While Nauru, PNG, and the Solomon Islands have fully embraced China’s support, other Pacific Island countries have been reluctant to accept aid from Beijing. Last month, Sitiveni Rabuka, Fiji’s Prime Minister, told Nine Media’s 60 Minutes programme that Chinese-supported projects “were not up to standard.”
Beyond airports, ports, and “legacy” construction, the Pacific Islands are a major forest market – not only for forest products but also increasingly in carbon markets.
Last year, Wood Central exclusively revealed that the region is looking to establish a Pan-Pacific Standard for Sustainable Forest Management – which could see the region protect more than 2 million hectares of forest and unlock more than AU $1 billion in certified forest products.
The new standard—which PEFC International could endorse—was discussed at the Asia Pacific Forest Commissioners meeting last year and is a vital part of the region’s commitment to reducing deforestation and promoting sustainable forest management.
According to Richard Laitly, the PEFC International Southeast Asia Manager and Linh Bui, also from PEFC International, who travelled to Sydney from Vietnam for the meeting, the Pan-Pacific Standard has been in the works for several years.
The new standard could include Fiji, Papua New Guinea, the Solomon Islands, Tonga and Vanuatu – with up to 90% of timber exported to China and allegedly tied up in “unsustainable and illegal logging.”
Wood Central understands that the new standard would greatly assist Trans-Tasman importers, provide a “green lane” for tropical timbers, and, most importantly, demonstrate sustainable forest management.
The new standard would allow regional governments to address the trade of illegal timbers and provide greater transparency to supply chains. It would also help enhance sovereign capabilities, including certification body capabilities, and reduce cost barriers typical of certification systems managed from Europe or North America.
That includes Fiji, where Minister for Forestry Kalaveti Ravu said the government is working with industry to improve harvesting practices.
“Harvesting timber over and above the forest’s sustainable level of harvest has resulted in degradation and reductions of biological diversity, such that the quality of the range of ecosystem services and products provided impacts negatively,” the minister said at a tree-planting event in Labasa.
According to Minister Ray, forestry is crucial to the nation’s post-COVID recovery, with Fiji pushing to get its Mahogany products certified to access international markets.
In July 2022, the government launched the Forest Certification Gap Analysis and Roadmap Report – emphasising the importance of certification in growing its global trading partners, especially Australia and New Zealand. Valued at Fijian $213 million, the report argues that its value could be substantially higher if certified by PEFC or FSC, according to Fiji Hardwood General Manager Sami Dranibaka.
“The certification of forests will raise the market value of logs and its timber products to meet international markets.”

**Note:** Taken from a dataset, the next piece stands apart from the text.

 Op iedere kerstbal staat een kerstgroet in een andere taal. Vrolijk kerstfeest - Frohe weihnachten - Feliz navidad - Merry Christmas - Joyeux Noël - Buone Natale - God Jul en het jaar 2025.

Whereas in PNG, the late Bob Tate, the former PNG Forest Industries Association CEO, exclusively revealed to Wood Central that the country’s AU $407m “was an absolute basketcase” and in dire need of reform to compete with Chinese plywood traders in global markets.

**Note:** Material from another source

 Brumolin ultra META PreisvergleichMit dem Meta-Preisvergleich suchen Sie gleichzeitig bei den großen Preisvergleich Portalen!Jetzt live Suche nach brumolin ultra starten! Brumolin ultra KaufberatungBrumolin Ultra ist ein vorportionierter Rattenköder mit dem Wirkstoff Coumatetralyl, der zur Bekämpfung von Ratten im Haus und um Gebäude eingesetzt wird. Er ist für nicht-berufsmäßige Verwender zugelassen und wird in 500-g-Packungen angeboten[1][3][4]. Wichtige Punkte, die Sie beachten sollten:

As it stands, China controls more than 30% of the world’s forest products industry, using Belt and Road Initiative investments to grow its footprint in Asia, Africa, South America, Eastern and Southern Europe, and the Asia-Pacific region.

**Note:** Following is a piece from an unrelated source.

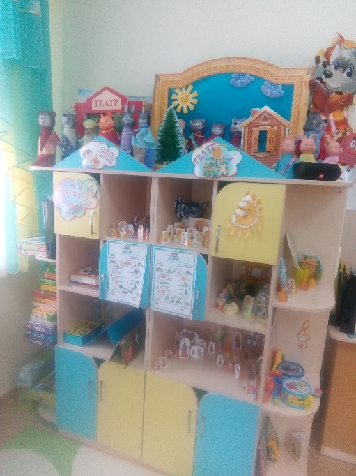 В уголках «Театрализации» и «Речевого развития» размещаем материал по изучаемым темам, который позволяет поддерживать и развивать познавательную активность дошкольников. Игровой и наглядный материал периодически меняем в соответствии с темой недели, появляются новые предметы, стимулирующие двигательную, игровую, исследовательскую и познавательную активность детей.

Described as “the World’s Factory”,” China produced 71% of the world’s manufactured plywood in 2020. While that number has dropped, Wood Central understands that Chinese companies are investing in Malaysian and Indonesian plywood manufacturing.
As the world’s largest consumption market, it swallowed 18% of global demand and 71% of Asian demand for forest products. It has the highest reliance on imports – with the share of imported wood at 55%, including sawn timber, logs, pulp and paper.